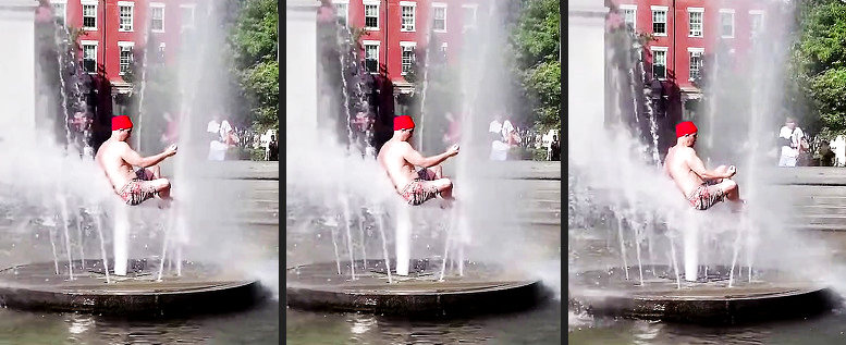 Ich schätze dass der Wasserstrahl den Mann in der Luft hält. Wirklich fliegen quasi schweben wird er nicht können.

━━━━━━━━━━━━━━━━━━━━

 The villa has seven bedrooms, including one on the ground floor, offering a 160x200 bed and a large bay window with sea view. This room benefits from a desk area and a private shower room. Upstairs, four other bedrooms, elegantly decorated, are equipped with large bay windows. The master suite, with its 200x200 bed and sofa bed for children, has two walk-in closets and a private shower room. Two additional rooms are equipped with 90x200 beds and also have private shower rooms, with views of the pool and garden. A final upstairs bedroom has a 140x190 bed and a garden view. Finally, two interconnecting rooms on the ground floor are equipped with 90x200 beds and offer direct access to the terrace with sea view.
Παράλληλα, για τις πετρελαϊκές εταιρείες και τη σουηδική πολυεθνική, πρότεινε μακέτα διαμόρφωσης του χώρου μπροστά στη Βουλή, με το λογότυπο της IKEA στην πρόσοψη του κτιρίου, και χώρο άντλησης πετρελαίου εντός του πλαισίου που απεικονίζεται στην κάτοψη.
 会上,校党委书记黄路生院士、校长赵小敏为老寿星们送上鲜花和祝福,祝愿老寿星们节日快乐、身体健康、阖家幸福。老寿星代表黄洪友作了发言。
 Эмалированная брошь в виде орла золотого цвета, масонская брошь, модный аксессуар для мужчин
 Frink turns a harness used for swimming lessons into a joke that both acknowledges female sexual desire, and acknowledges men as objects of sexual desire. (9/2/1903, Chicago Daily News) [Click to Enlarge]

━━━━━━━━━━━━━━━━━━━━

#### Task directions:
Begin with the line that has "会上,校党委书记黄路生院士、" in the listing above and end after the line that has "Frink turns a"; output those lines exactly.

#### Exercise answer:
 会上,校党委书记黄路生院士、校长赵小敏为老寿星们送上鲜花和祝福,祝愿老寿星们节日快乐、身体健康、阖家幸福。老寿星代表黄洪友作了发言。
 Эмалированная брошь в виде орла золотого цвета, масонская брошь, модный аксессуар для мужчин
 Frink turns a harness used for swimming lessons into a joke that both acknowledges female sexual desire, and acknowledges men as objects of sexual desire. (9/2/1903, Chicago Daily News) [Click to Enlarge]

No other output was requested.